Blowing hot air

New Zealand's commitments on greenhouse gas reduction are beginning to look a bit thin.

In December this year countries subscribing to the UN Framework Convention on Climate Change (UNFCCC) will meet in Paris to encourage each other to do more to limit climate change.

The main aim is to reduce and eventually cease emissions of the greenhouse gases that are driving a steady increase in average global temperatures.

The hope must be to keep warming within the 2degC increase over pre-industrial levels, beyond which science tells us to expect an increasing risk of uncontrollable temperature rise and radical changes to global climate.

In preparation for Paris, each country is to prepare so-called Intended Nationally Determined Contributions (INDCs) telling the rest of the world what level of reduction in emissions it plans to make by 2020.

The idea is that these ''bottom up'' contributions will be totted up to see what the combined total implies for the planet as a whole and a ''top down'' assessment made of whether intended contributions will be enough to keep within the 2degC target.

So far just six INDCs have been announced: Switzerland, the European Union, Norway, Mexico, the US and Russia.

New Zealand must submit its offer within the next few months.

The Climate Action Tracker (Cat) website is giving updated progress reports on these national contributions and, for countries still to submit, estimating what the contribution would look like, based on current policies.

The analyses are done by four leading climate research institutes based in Germany.

If the current trend in emissions is sustained, Cat estimates that global mean temperatures are likely to rise by nearly 4degC (plus or minus a degree), a level that we must hope frightens the policy mandarins gathering in Paris as much as it should frighten us.

Based on the INDCs so far submitted, and Cat's estimates of contributions from other countries that have yet to submit, the Cat modellers suggest that the increase in global temperatures would be scaled back to about 3degC - possibly as low as 2.5degC, but possibly also as high as 3.8degC.

So the story so far is that the global community is not doing enough to keep us - and many generations to follow - clear of the risks of irreversible climate change.

A great benefit of the UNFCCC Paris meeting, and of the Cat research, is that it will allow us to compare the contributions of each country relative to the others.

We might hope that this will help shame laggards into doing more.

So how does New Zealand look so far? New Zealand's current target is to reduce emissions by 5% by 2020 relative to 1990 levels.

At the Copenhagen meeting in 2009, New Zealand also said it would expand that target to a 10%-20% reduction if there was sufficient evidence that the rest of the world was adopting policies capable of keeping warming within 2degC, a kind of ''I will if you will'' stance that is not unreasonable when facing a problem that requires collective action.

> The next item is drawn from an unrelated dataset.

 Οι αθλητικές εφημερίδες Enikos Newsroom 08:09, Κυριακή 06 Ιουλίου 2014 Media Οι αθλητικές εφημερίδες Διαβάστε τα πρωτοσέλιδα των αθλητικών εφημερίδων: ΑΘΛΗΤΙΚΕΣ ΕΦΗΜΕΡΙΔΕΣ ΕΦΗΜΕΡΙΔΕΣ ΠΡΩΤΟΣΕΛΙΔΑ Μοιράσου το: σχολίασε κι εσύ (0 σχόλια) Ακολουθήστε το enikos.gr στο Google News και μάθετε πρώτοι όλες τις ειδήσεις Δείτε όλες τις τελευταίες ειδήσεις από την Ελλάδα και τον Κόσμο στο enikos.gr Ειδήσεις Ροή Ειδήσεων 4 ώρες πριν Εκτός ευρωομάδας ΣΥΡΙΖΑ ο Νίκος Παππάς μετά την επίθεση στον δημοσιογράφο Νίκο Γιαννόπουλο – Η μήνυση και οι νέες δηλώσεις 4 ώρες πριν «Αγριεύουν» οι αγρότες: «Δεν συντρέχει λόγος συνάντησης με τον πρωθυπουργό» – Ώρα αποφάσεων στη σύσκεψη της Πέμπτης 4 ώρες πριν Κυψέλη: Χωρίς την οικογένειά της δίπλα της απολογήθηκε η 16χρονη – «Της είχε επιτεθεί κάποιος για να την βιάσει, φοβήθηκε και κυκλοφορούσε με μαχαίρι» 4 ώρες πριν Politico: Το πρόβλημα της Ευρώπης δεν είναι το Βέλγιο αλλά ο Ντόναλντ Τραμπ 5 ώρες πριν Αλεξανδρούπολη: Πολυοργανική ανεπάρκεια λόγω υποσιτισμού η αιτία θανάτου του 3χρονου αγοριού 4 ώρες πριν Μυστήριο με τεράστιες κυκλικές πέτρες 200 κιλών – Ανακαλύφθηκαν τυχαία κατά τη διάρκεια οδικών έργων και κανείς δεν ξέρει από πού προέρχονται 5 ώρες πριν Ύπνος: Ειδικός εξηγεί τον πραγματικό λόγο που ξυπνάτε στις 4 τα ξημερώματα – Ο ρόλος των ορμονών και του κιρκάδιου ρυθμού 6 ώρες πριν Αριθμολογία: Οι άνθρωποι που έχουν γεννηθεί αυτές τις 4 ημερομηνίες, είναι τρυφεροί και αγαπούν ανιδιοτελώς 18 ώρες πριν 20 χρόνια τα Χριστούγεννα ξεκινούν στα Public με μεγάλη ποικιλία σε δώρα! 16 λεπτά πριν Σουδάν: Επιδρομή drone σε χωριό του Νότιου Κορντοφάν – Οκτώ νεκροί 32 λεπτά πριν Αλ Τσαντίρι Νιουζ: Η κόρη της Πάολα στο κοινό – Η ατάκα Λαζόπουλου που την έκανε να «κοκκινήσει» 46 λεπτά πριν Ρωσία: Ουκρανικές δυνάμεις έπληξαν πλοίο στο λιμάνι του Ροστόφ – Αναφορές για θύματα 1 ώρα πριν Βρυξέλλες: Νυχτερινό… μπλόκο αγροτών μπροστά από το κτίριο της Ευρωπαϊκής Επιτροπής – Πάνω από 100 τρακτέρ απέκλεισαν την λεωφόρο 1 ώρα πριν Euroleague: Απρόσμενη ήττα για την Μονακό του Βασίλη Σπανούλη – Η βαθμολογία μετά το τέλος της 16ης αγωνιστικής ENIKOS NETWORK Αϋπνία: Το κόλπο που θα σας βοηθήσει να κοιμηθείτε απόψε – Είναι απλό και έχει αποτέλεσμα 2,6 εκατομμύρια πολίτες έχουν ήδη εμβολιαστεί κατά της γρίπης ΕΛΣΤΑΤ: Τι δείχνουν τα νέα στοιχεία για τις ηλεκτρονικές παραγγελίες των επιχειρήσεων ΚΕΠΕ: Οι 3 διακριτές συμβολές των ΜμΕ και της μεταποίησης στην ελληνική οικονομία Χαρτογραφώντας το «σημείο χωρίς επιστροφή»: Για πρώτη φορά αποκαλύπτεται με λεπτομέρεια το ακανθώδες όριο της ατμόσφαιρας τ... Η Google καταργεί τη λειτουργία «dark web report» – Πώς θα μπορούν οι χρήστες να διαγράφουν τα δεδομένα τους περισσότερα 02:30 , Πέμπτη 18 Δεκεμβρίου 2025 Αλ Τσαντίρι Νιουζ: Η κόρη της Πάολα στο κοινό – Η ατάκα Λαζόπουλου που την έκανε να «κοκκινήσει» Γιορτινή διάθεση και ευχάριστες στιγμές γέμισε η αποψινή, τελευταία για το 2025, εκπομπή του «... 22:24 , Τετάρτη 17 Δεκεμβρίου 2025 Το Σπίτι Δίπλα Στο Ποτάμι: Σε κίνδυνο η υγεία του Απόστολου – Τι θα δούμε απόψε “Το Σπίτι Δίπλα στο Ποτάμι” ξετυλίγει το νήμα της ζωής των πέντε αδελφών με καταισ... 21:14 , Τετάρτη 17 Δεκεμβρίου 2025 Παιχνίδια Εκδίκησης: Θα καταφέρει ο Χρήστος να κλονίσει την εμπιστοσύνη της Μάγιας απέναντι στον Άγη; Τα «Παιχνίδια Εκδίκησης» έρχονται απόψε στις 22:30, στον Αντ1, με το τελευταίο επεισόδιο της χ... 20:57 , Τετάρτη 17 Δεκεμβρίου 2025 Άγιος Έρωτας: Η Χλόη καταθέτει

Is our current 5% reduction target enough? How does it compare with other countries?

A recent Ministry for the Environment report says that, as of 2013, our emissions have actually increased by more than 20% since 1990.

(The Minister for Climate Change, Tim Groser, was eager to point out that gross emissions actually fell in the 2013 year, giving some hope that progress is being made. However, changes in land use that absorb carbon also fell so that there was no net reduction in 2013).

The Cat researchers estimate that on current policy settings New Zealand's emissions will increase by 32% by 2020.

The inadequacy of our progress against the 5% target has been forcefully pointed out to us by other countries, including China and the European Union, in a review conducted by the UNFCCC late last year.

Our global partners, it seems are less than impressed.

And even if we do manage to reduce emissions by the 5% that we have promised, the Cat researchers tell us that, if this level of reductions became the global norm, warming would probably exceed 3-4degC.

The New Zealand 5% target is rated inadequate, along with those of big carbon-producing countries, such as Canada and Australia.

The world's biggest emitters, the US and China, are rated ahead of us, although their policies are still likely to breach the 2degC limit.

The Government's policy is to be a ''fast follower'' on climate change policy.

As of now, New Zealand is clearly a laggard in the effort to control emissions, and is seen as such by some of the major global powers.

The New Zealand INDC to be prepared over the next few months will show us just how quickly we intend to catch up.

• Colin Campbell-Hunt is an emeritus professor in the University of Otago Business School.

Each week in this column, one of a panel of writers addresses issues of sustainability.

Due to a subediting error, a figure in Prof Gerry Carrington's column last week was incorrect. It should have read that the cost of domestic electricity at the time was 3.5c/kWh.